17 Renovation Ideas So Your Work Space Says Your Smart Not Sad

Who isn’t at least the teeniest obsessed with My Boy Donny? What a wonder democracy is. We get to see how the sanctum most inner of the American Presidential work space, known as the Oval Office, is now renovated.

I was hoping he’d happily follow his penchant for what style guru Peter York gleefully labels Dictator Chic.

Sadly, perhaps with the female members of his family in charge, this has not emerged. Although gold does feature prominently. On lamps, curtains, upholstery and statement rug.

Media commentators anguish over what replacements-stroke-ripouts of the Obama years might mean. Swapping the MLK bust back for Churchill. A mid-repair Lady Liberty picture becomes a portrait of a 19th Century populist predecessor. A pair of flags multiply into at least ten.

Whilst hoping for hygge-infused sushi’d minimalism with an ikea flourish may not quite be the ticket either, this 17-day re-fit does hold Sales relevance.

We too need a productive place to spend most of our modern-day nine-to-five. As well as providing the right vibe when hosting those we hope will fund it.

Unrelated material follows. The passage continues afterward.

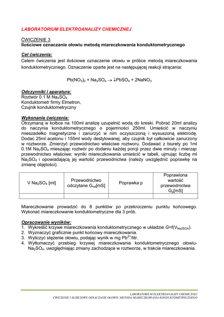 LABORATORIUM ELEKTROANALIZY CHEMICZNEJ ĆWICZENIE 3 Ilościowe oznaczanie ołowiu metodą miareczkowania konduktometrycznego Cel ćwiczenia: Celem ćwiczenia jest ilościowe oznaczenie ołowiu w próbce metodą miareczkowania konduktometrycznego. Oznaczenie oparte jest na następującej reakcji strącania: Pb(NO3)2 + Na2SO4 PbSO4 + 2NaNO3 Odczynniki i aparatura: Roztwór 0.1 M Na2SO4 Konduktometr firmy Elmetron, Czujnik konduktometryczny Wykonanie ćwiczenia: Otrzymaną w kolbce na 100ml analizę uzupełnić wodą do kreski. Pobrać 20ml analizy do naczynia konduktometrycznego o pojemności 250ml. Umieścić w naczyniu mieszadełko magnetyczne i zanurzyć w nim oczyszczoną i wysuszoną elektrodę. Dodać 25ml acetonu i 155ml wody destylowanej, aby czujnik był całkowicie zanurzony w roztworze. Zmierzyć przewodnictwo właściwe roztworu. Dodawać z biurety po 1ml 0.1M Na2SO4 mieszając roztwór po dodaniu każdej porcji przez dwie minuty i mierząc przewodnictwo właściwe; wyniki miareczkowania umieścić w tabeli, ujmując liczbę ml Na2SO4 i opowiadającą jej wartość przewodnictwa (należy uwzględnić poprawkę na zmianę objętości). V Na2SO4 [ml] Przewodnictwo odczytane God[mS] Poprawka p Poprawiona wartość przewodnictwa Gp[mS] Miareczkowanie prowadzić do 8 punktów po przekroczeniu punktu końcowego. Wykonać miareczkowanie konduktometryczne dla 3 prób. Opracowanie wyników: 1. Wykreślić krzywe miareczkowania konduktometrycznego w układzie G=f(VNa2SO4). 2. Wyznaczyć graficznie punkt końcowy miareczkowania. 3. Wyliczyć stężenie ołowiu, podając wynik w mg Pb2+/litr. 4. Wytłumaczyć przebieg krzywej miareczkowania konduktometrycznego ołowiuNa2SO4, uwzględniając zmiany zachodzące w roztworze, w trakcie miareczkowania. LABORATORIUM ELEKTROANALIZY CHEMICZNEJ ĆWICZENIE 3 ILOŚCIOWE OZNACZANIE OŁOWIU METODĄ MIARECZKOWANIA KONDUKTOMETRYCZNEGO 5. Przeprowadzić dyskusję wyników. Ilościowo scharakteryzować precyzję pomiaru. W tym celu obliczyć: średnią arytmetyczną próbki (dla stężenia mg Pb2+/litr) x , Odchylenie standardowe próbki s, Wariancję s2, Odchylenie standardowe średniej (błąd standardowy) sm, Względne odchylenie standardowe (RSD) RSD = sr, Współczynnik zmienności CV, Rozrzut (lub rozstęp) w, 6. Jak ilościowo wyraża się błąd pomiaru? 7. Rodzaje błędów w praktyce laboratoryjnej. 8. Wytłumaczyć, jaki cel ma wstępne gotowanie wody wodociągowej, którą poddaje się analizie. LITERATURA UZUPEŁNIAJĄCA: Douglas A. Skoog, Donald M. West, F.James Holler, Stanley R. Crouch, Podstawy chemii analitycznej tom 1, PWN 2007 Praca zbiorowa, Ocena i kontrola jakości wyników analitycznych, CDAiMŚ, Gdańsk 2004 Minczewski J., Marczenko Z.: Chemia analityczna, t.III PWN, Warszawa 1976. LABORATORIUM ELEKTROANALIZY CHEMICZNEJ ĆWICZENIE 3 ILOŚCIOWE OZNACZANIE OŁOWIU METODĄ MIARECZKOWANIA KONDUKTOMETRYCZNEGO

Scurrying the corporate hamster wheel, we may not get much scope for personalisation. Neither meeting rooms nor cubicles have changed much in the thirty years I’ve known them.

So what can (must) we do?

In the spirit of the days this project took, here’s seventeen little ideas for ensuring your space avoids the soulless replication of the standard and turn it into a ever greater selling den. Starting with what you should get rid of;

  • take down posters put up by Marketing, HR or Corporate Affairs and discard glossies from any external ‘motivation’ firm
  • eschew all departmental scoreboards, although you may have a malleable version of your own personal forecast provided it is not the same as you submit to management, ie; it focuses on progress set against process
  • give away that tie you kept hanging in the office ‘for emergencies’
  • be brutal, channel your inner sales samurai/ninja and embrace extreme Japanese sentiment de-cluttering; take home loved ones portraiture, toddler daubings and team ‘prize’ certificates (a daubing may be acceptable if it’s an attempt to portray mummy’s/daddy’s product with accompanying happy smiling people around/using it)
  • remove presence of brands wherever possible (note one possible exception might – just might – be if included as what success will enable in a visionboard/dreamboard style perhaps)
  • bin any comedy accessory in the mould of a ‘you don’t have to be mad to work here, but it helps’ mug, stress relieving “executive toy”, mask, permanently in place festive christmas tinsel or picture of anyone resembling a ‘celebrity’
  • ideally, try keeping artefacts to a minimum (although I once had an african thumb piano on my desk to remind me of Cape Town) but you can aim for at least one treasured client’s product on view, preferably in physical, even miniature, form

…moving on to what should be on show;

  • process reminders – undoubtedly the most important
  • maps of deals
  • organagrams of prospect influence
  • winning bid timelines
  • deal-clinching slides
  • card-mounted at least A3 (US: tabloid/ledger) printouts of killer graphs and dataviz wizardry
  • key words you must use liberally in phone calls (especially the key problem you resolve and how to initially pitch)
  • client testimonial that is NOT a cheesy corporate comms sanitised nonsense striped of any real meaning
  • photo-collage of client (or their client) interior/plant where you’ve made big impact
  • logos of your prospects/customers – possibly with their key strategic strapline attached (as stated by the ceo or from their annual report)

Alternatively, you could always have absolutely nothing whatsoever on display at all. Only perhaps a phone. But this is a devilishly tricky feat to pull off.